Given the potential for other epidemics, examining COVID-19 data may help policy makers identify factors that exascerbate the effects of novel coronaviruses. Two factors relevant to residents of the United States are poverty and obesity, both of which are increasing in the United States.
The purpose of this analysis was to determine if poverty and obesity are associated with increased contagion and death caused by COVID-19.
Data were retrieved from
After importing the data, Base R and the Tidyverse and Lubridate libraries were used to review and clean the data.

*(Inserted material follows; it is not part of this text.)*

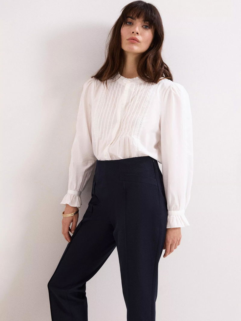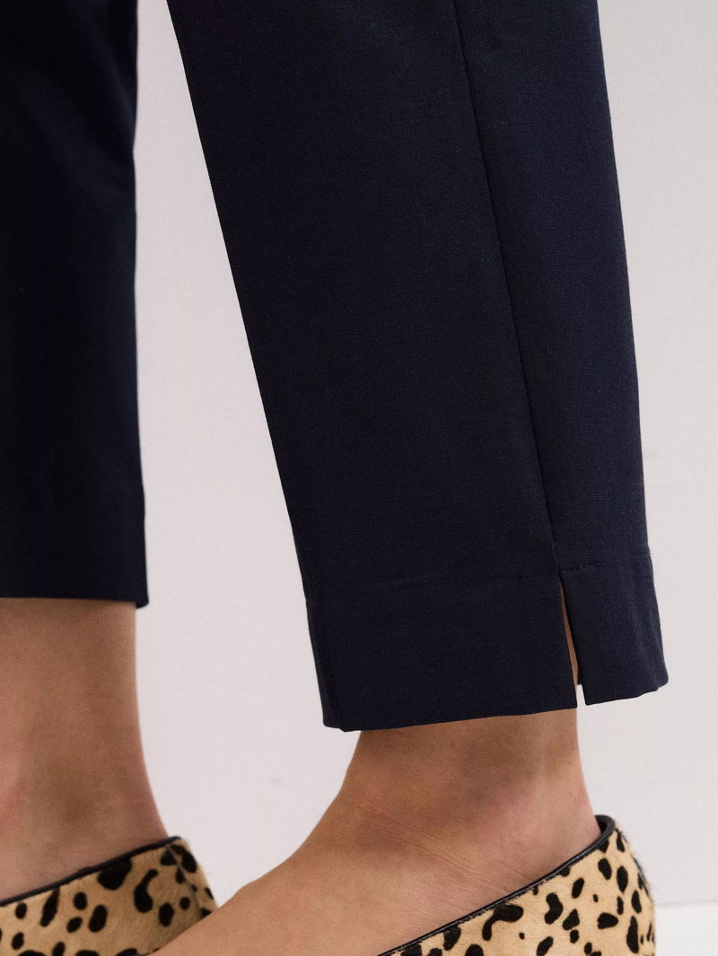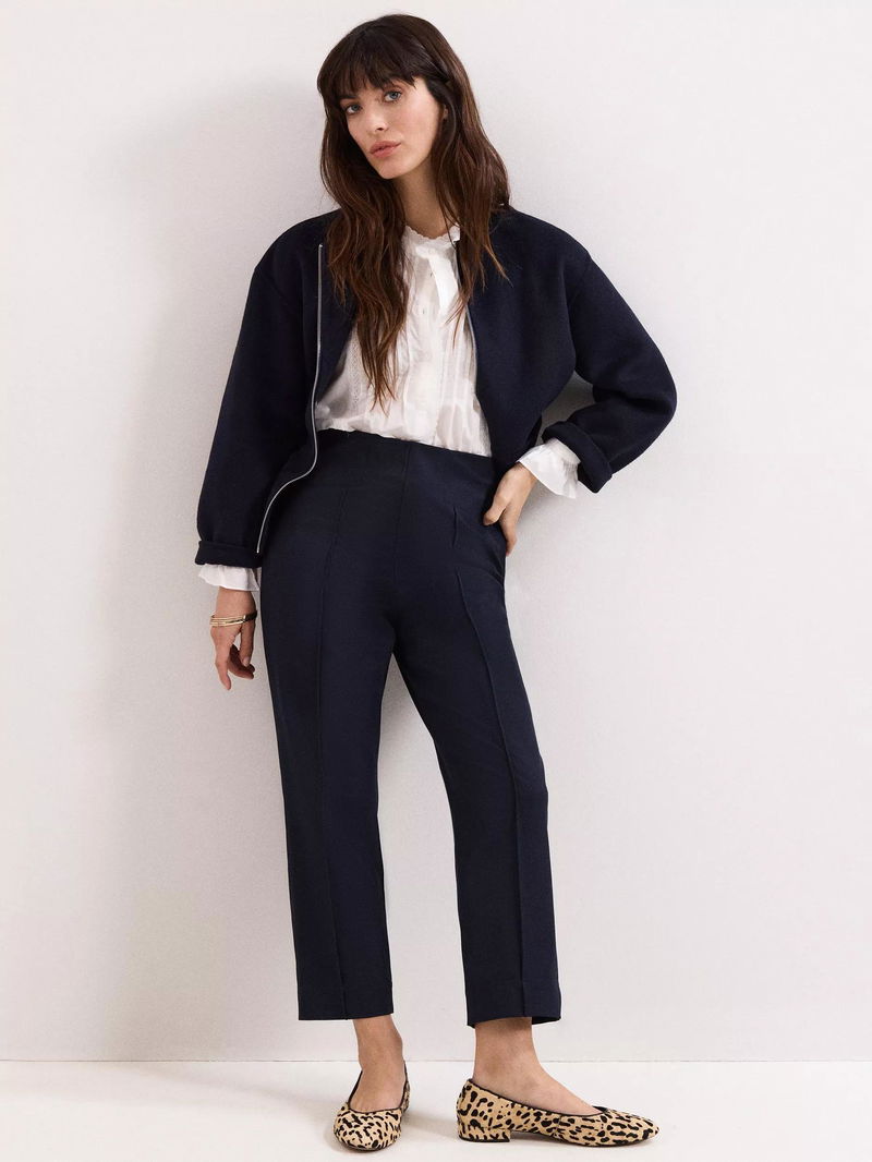 In a precise cut that skims, not clings, a pair of slim-leg trousers by Phase Eight with a cotton blended base. They sit mid rise with a concealed zip and a neatly cropped length.

# Manipulating data to make it easier to work with
us_cases <- us_cases %>%
pivot_longer(cols = -(UID: Combined_Key),
names_to = "date",
values_to = "cases") %>%
select(Admin2: cases) %>%
mutate(date = mdy(date)) %>%
select(-c(Lat, Long_))
# Manipulating data to make it easier to work with
us_deaths <- us_deaths %>%
pivot_longer(cols = -(UID:Population),
names_to = "date",
values_to = "deaths") %>%
select(Admin2:deaths) %>%
mutate(date = mdy(date)) %>%
select(-c(Lat, Long_))
# Combining data frames
us <- us_cases %>%
full_join(us_deaths)
# Importing population data
uid <- read_csv(uid_lookup_url) %>%
select(-c(Lat, Long_, Combined_Key, code3, iso2, iso3, Admin2))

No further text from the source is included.